Kiedy kilka tygodni temu wyszło na jaw, że Tomasz Schimscheiner zdradza swoją ciężarną żonę w burdelu, wszyscy byli pewni, że oznacza to koniec ich małżeństwa. Żona aktora tak bardzo mu jednak ufa, że nie dała wiary dowodom (przypomnijmy - wychodził w środku nocy z budynku agencji towarzyskiej - sytuacja absolutnie jednoznaczna). Tomasz wmówił jej jednak w jakiś sposób, że media kłamią.
Te zdjecia były jednoznaczne - wspominają znajomi pani Beaty pytani przez Świat i ludzie.

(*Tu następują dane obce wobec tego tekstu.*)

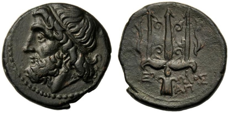 @rrdenarius , great coin, and REALLY cool history. It looks like YOURS, @red_spork , and mine are of a SIMILAR overstrike! Several months ago I attended a coin show in Raleigh, NC. The dealer said it was a Janus head. He had NO CLUE as there were none this small (it is 5.3g / 19mm)... I snatched it up for $30 thinking nothing to lose. 19mm, 5.3g I spoke with @ancientcoinguru and we noodled through it. Actually ACG NAILED it! I was going down rabbit holes chasing Italia coinage, and she was going after the Sicily issues. We concluded: (I later purchased low cost versions of the coins so that I could verify) "WOW, that may be it... little dolphin, Prow interference, but the trident struts would parallel the prow, so hazy, but not destroy the overstrike... Would the Hieron II be around 5g? 19mm (shows AE24 in attribute...) YES>>> A) Sicily, Syracuse, Hieron II, AE 19 mm., 5.72g, head of Poseidon left, rev. IEP-ÙNOÓ, trident flanked by dolphins, Ó[?] below (SNG Morcom 828 var.), dark green patina. Obv. Diademed head of Poseidon left. Rev. IEPΩNOΣ, Ornamented trident head flanked by two dolphins; below, N. B) Anonymous.AE-Sextans, 5.21 g. Sicily, 211-208 BC. Head of Mercury right wearing winged petasos; • • above. Rev. Prow of galley right; grain ear above, IC before, ROMA below. Crawford 69/6b; Sydenham 310d; BMCRR 280. Brown patina. EF. Surely one of the finest known specimen That would work... SOoooooo..... 1) Crawford 69/6 Sextans... ROMA below, Corn ear above 211-208 BCE; 2) overstruck: 3) Hieron II AE Trident 275-215 BCE; 4) Siege of Syracuse 214-212 5) 19mm / 5.3g would fit for both coins Timing perfect @red_spork and I concluded this was a fascinating time in Roman History... 2nd Punic War, Siege of Syracuse, overstrikes of coinage... it was a busy time!

Ale niepokoiliśmy się bez potrzeby, bo Beata podeszła do nich ze stoickim spokojem. Uznała, że to świetny żart!
Przez wszystkie te lata pani Beata nigdy nie zwątpiła w uczucia męża. Zdążyła się przyzwyczaić, że jest człowiekiem towarzyskim - pisze tabloid. Nieraz dochodziły ją głosy o imprezach, których gośćmi były głównie przedstawicielki płci pięknej. Ale ona wiedziała jedno: w życiu jej męża liczy się tylko ona!
To kobieta z temperamentem. Gdyby nie miała do męża zaufania, przegoniłaby go na cztery wiatry - przekonują znajomi. Niestety, ufa mu aż za bardzo.
To smutna historia. Schimscheiner kilka dni po zdradzie chwalił się publicznie, jakim jest doskonałym mężem i ojcem. To chyba najbardziej zakłamany człowiek, o jakim słyszeliśmy.